MUHAMMAD: Well, you know, as a Muslim youth growing up, my parents wanted to find a sport for me to play where I could be fully covered; where I could pursue my desire to participate in sport, but I could also — you know, adhere to the tenets of my faith. When I found fencing, I immediately just — almost found myself. And one of the amazing things about — you know, living in the United States and being American is that — you know, regardless of your — your faith; your ethnicity, we can — you know, achieve our dreams and we can — you know, participate at sport at this level. And it's just been an amazing experience for me.

CUOMO: So, I know fencing. I have a wife who was a champ. My daughter does it. It's very empowering. And you are now taking that discussion to another level — because for many critics, when they talk about the hijab, they say — well, that's a symbol of extremism; and you're an American, and you should dress like an American and be an American first. You dealt with race; you dealt with religion getting into a sport that was largely white — especially, where you were in New Jersey. How do you deal with these added elements? What do you say to those critics?

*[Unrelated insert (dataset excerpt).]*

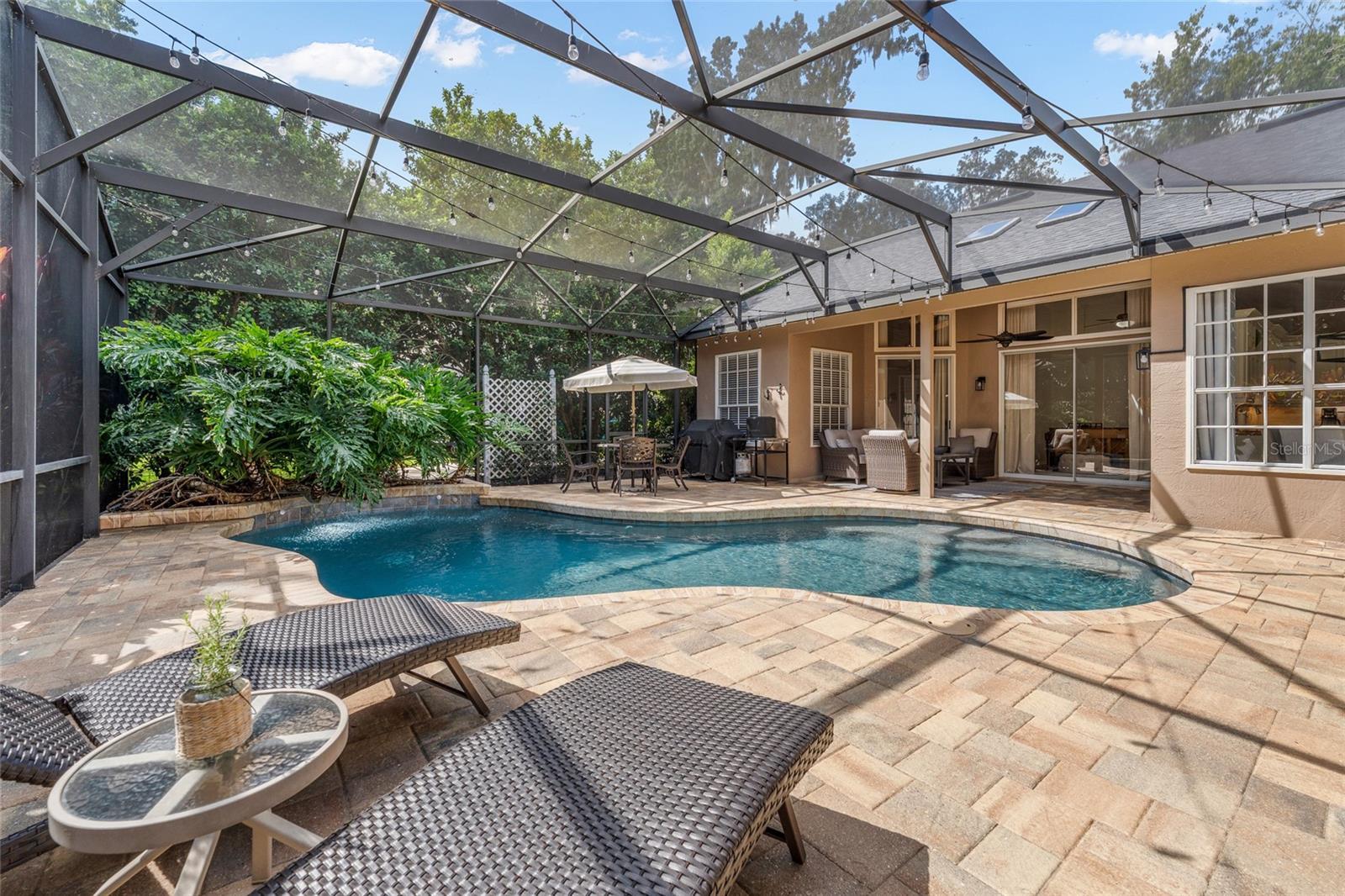 This beautiful 4 bedroom home has been lovingly maintained and thoughtfully updated. Updated kitchen, new roof, new hot water tank and more. Oversized primary suite with seating area and 3 additional bedrooms on the other side of the home. Vaulted ceilings with skylights in the kitchen. Out back is a stunning lagoon style pool with screen enclosure. Centrally located near major roadways, schools, restaurants and more.

MUHAMMAD: You know, it — it hasn't been the easiest journey, but I wouldn't trade any of my experiences. They've all made me stronger. And what I — what I love about — you know, my experience here, as a minority member of Team USA, is that I'm able to encourage other youth to pursue their dreams — to not let other people dictate — you know, their journey for them.

I think that — you know, Simone Biles — you know, Simone [Manuel] in the pool, even — we provide a different image than what people are used to seeing, and we challenge the norm. We're showing minority youth out there; we're showing Americans, that this is one of the beautiful things about our country. And hopefully, we're inspiring generations to come to pursue their desire, even though they may be different.

CUOMO: What do you want people to know about what it is to be American? You represent that as well — especially during a political climate here right now, where being Muslim is under the microscope in the American presidential race.

MUHAMMAD: You know, I want people to know that Muslims come in all shapes and sizes — you know? And we do various things — that we're productive members of society. And, you know, we — we're even present here on — on the United States Olympic team.

This dream of mine wouldn't have been able to come to fruition were it not for — you know, the support system that I have — not just in my town, but also — you know, from my friends and family. This has been a beautiful experience. This is the America that I know and I love — the America that is inclusive; that is accepting; and that encompasses people from all walks of life.

CUOMO: You Tweeted, 'Muslim black girl — these are not limitations.' You're presenting a whole package there for people.

MUHAMMAD: You know, this is — this is who I am. You know, I embrace — you know, I embrace every single facet of my life. I embrace who I am, and I love who I am, and I want — you know, I want — I want youth out there to believe in themselves. I want them to love themselves. I want them to be accepting of themselves, and not allow other people's misconceptions — you know — and allow stereotypes to dictate their lives for them. You know, I want them to believe in themselves, and believe that they — they can also achieve — you know, a dream of — you know, becoming an Olympian.

This is — I don't think that the stories that we're seeing of these Olympic games are — are really that — that out of the norm, in a sense that anyone can have — can have this moment. Anyone can be holding this medal. I truly believe that. It literally just comes with hard work and perseverance. Anyone can have what I have.

CUOMO: Anybody can, but very few will — and you are among them — so you're going to have to add that to your description of self: Olympian and medal winner—

MUHAMMAD: Yeah—

CUOMO: It's great to have you with us. Congratulations!

MUHAMMAD: Yeah—

CUOMO: Enjoy the rest of your time down there in Rio.

MUHAMMAD: Thank you so much. Thank you so much. Go Team USA!